> **The problem**
Beginning with the line that holds "Steps. Let .", write out each line exactly as it stands until the end of the data, and include no pictures.

> **Data shown**
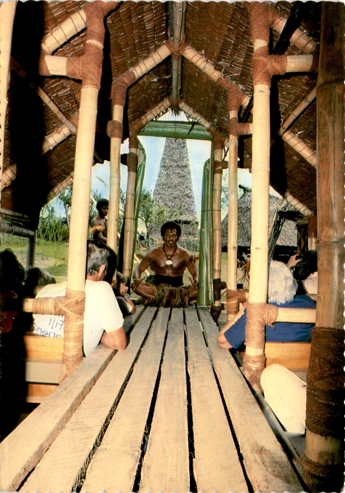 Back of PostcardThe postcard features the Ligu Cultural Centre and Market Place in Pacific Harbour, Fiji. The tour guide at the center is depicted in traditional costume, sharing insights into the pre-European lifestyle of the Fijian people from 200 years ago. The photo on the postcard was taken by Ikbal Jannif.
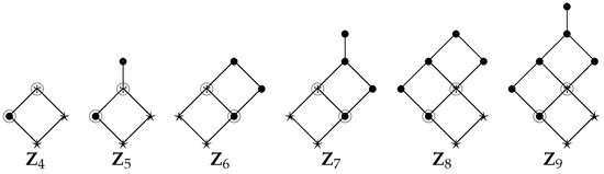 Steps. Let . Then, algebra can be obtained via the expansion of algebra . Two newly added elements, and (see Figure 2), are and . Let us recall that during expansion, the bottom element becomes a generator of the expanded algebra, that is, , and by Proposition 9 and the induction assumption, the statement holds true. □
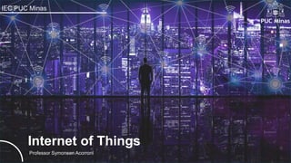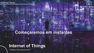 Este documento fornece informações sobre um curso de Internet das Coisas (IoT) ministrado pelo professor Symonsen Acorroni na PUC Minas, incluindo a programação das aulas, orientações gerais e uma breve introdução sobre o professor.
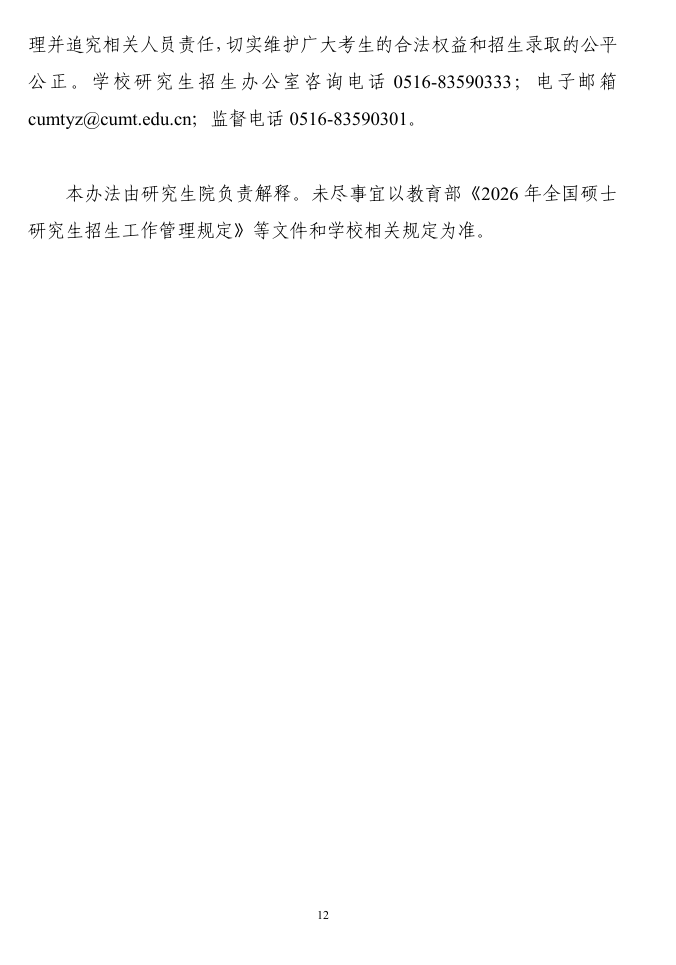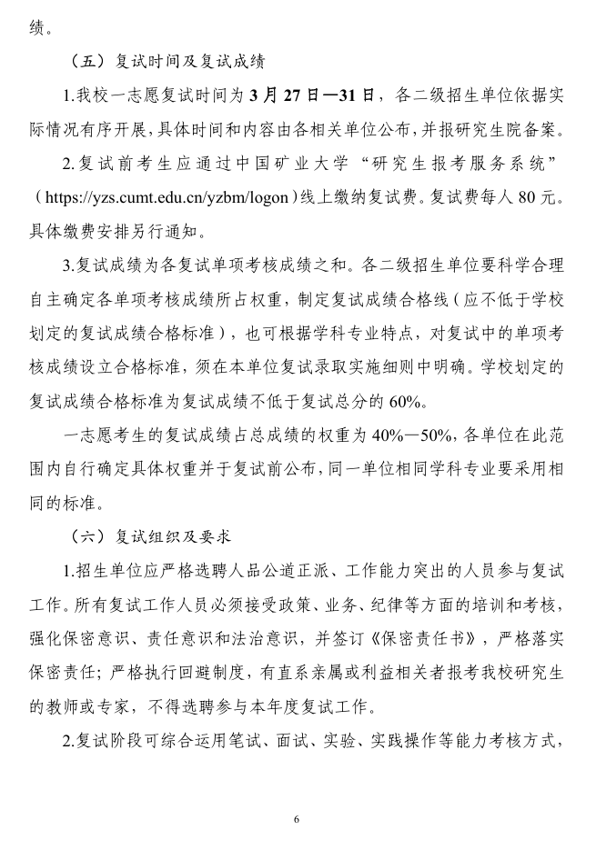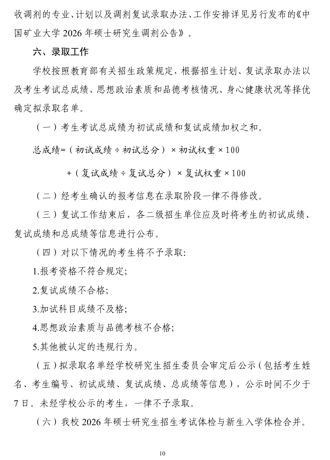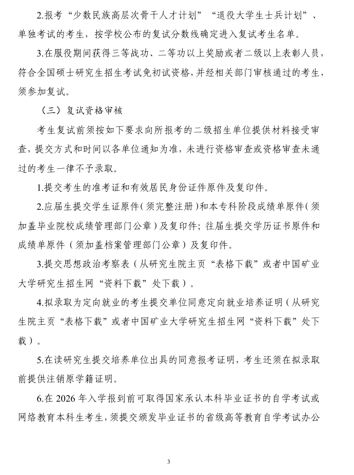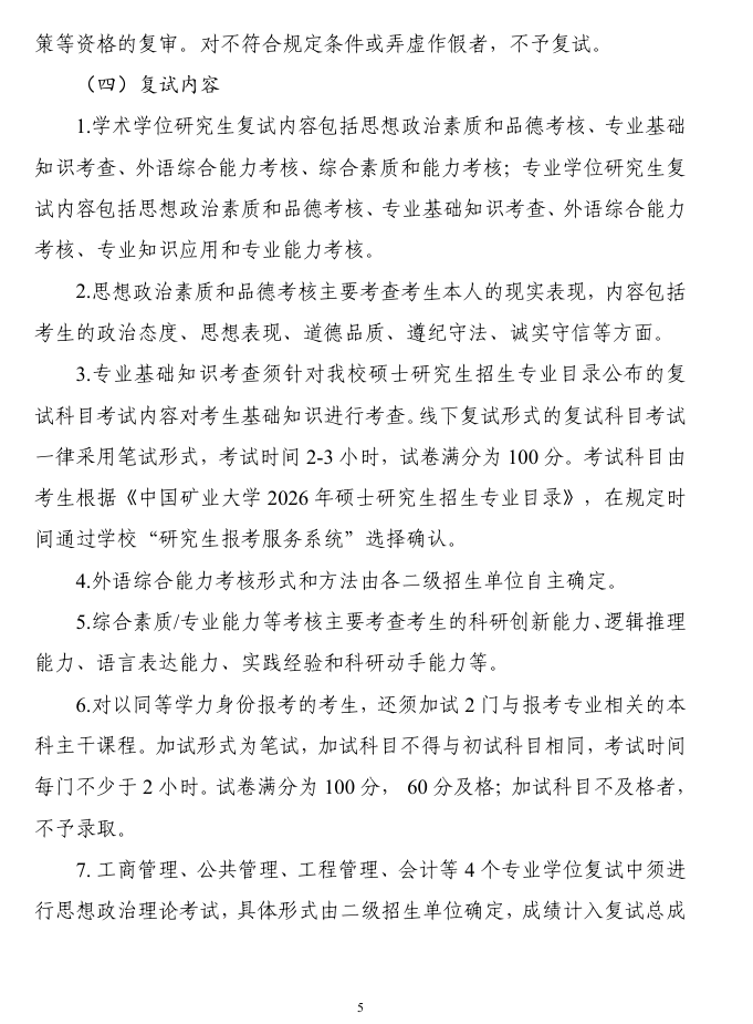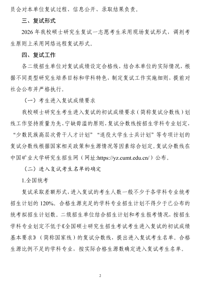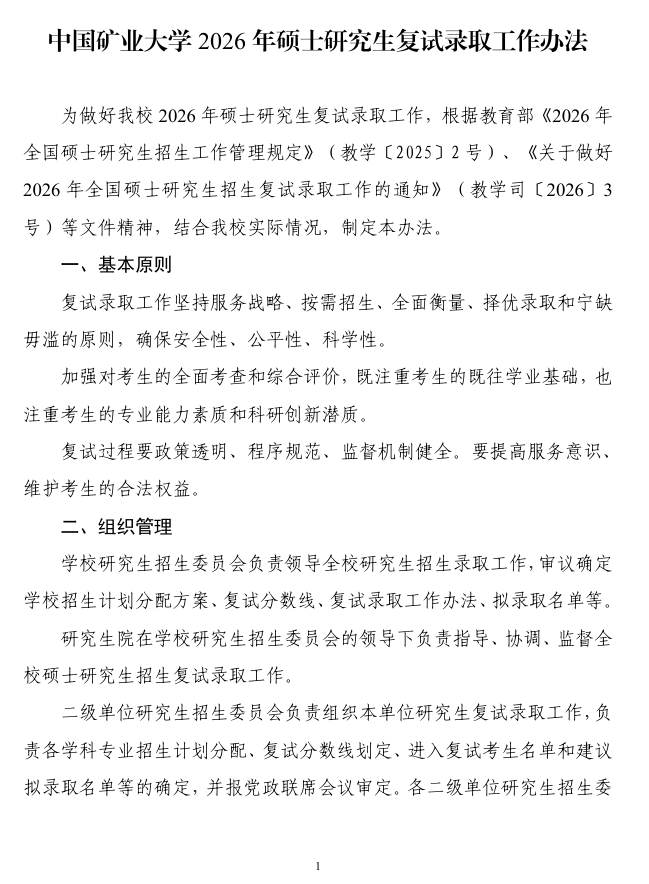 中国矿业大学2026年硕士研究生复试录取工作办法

> **The answer**
 Steps. Let . Then, algebra can be obtained via the expansion of algebra . Two newly added elements, and (see Figure 2), are and . Let us recall that during expansion, the bottom element becomes a generator of the expanded algebra, that is, , and by Proposition 9 and the induction assumption, the statement holds true. □
 Este documento fornece informações sobre um curso de Internet das Coisas (IoT) ministrado pelo professor Symonsen Acorroni na PUC Minas, incluindo a programação das aulas, orientações gerais e uma breve introdução sobre o professor.
 中国矿业大学2026年硕士研究生复试录取工作办法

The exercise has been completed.